A woman doesn't buy an expensive skincare product because she's done a cost-per-ounce analysis. She buys it because of how the ritual makes her feel, the story the brand tells about who she is when she uses it, and the identity it helps her construct for herself.

This isn't cynical or manipulative as an observation. It's just honest psychology. And the small businesses that understand it — and align their marketing accordingly — consistently outperform those that don't.

Ethical Application: The Bernays Framework for Small Business

Here's where I want to make an important distinction. Understanding consumer psychology is not the same as exploiting it. Bernays often crossed that line; his work for the tobacco industry is inexcusable. But the tools he identified can be — and should be — applied with integrity.

Sell the Identity, Not Just the Product

What does it say about a person that they choose your business? Not your product's features — your business's identity. For a local hardware store, patronizing it might say: "I support my community. I value expertise. I'm the kind of person who takes care of things rather than throwing them away." That identity story is infinitely more powerful than a product feature list.

Ask yourself: what does choosing my business say about my customer? Build your marketing around that answer.

Engineer Social Proof Strategically

Bernays understood that human beings are profoundly social creatures who look to others to determine appropriate behavior. Your reviews, your testimonials, your "as seen in" mentions, your case studies — these are all forms of social proof that signal to potential customers that choosing you is the right, accepted, validated choice.

This is why we talk so often about Google reviews at Indian Lakes Marketing. It's not just about SEO. It's about social architecture — building the visible evidence that normalizes choosing your business.

Create Context That Elevates Perceived Value

Bernays understood that the same product in a different context commands a different price and different perception. A bottle of wine on a bare table in harsh lighting feels different than the same bottle on a beautifully set table with soft lighting. Neither the wine nor its quality has changed. The context has.

How are you presenting your products, services, and business?
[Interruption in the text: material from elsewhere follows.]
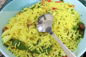 Lemon Rice レモンライスレモンフレイバーの爽やかなライスです。イエローのライスに、赤と緑のチリ、カレーリーフ、粒々のマスタードシード、ブラウンのピーナッツがちりばめられて見た目がとてもかわい … 続きを読む 005 Lemon Rice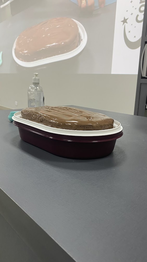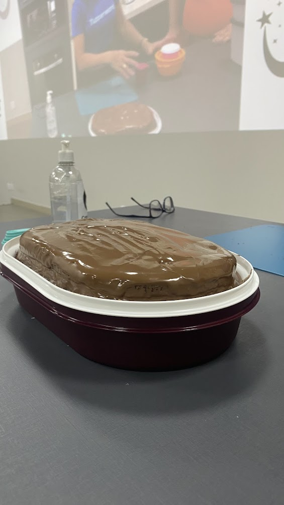 - Jogue o chocolate por cima do bolo para fazer a cobertura.

The quality of your photography, the design of your website, the feel of your physical space, the language in your communication — all of it creates context that shapes how customers perceive your value.

Tap Into Existing Values, Don't Create New Ones

The most effective marketing doesn't try to convince people of something they don't already believe. It finds what they already care about and shows them how your business connects to it. In Northeast Indiana, people deeply value community, craftsmanship, honesty, family, and faith. Good marketing here doesn't invent those values — it finds authentic ways to demonstrate how a business embodies them.

The Ethical Line

Bernays failed because he used his understanding of psychology to serve products and agendas that harmed people, without their knowledge or consent. The line I draw — and the one I'd encourage any business owner to draw — is this: use your understanding of psychology to serve your customers' genuine interests more effectively, not to manipulate them into choices that serve you at their expense.

When you understand why people really make decisions, you can communicate in ways that are genuinely resonant and honest. You don't need deception when you understand the deeper truth. And in small communities where reputation is everything and trust is the currency that matters most, honest marketing that speaks to real human desires is always the better long-term play.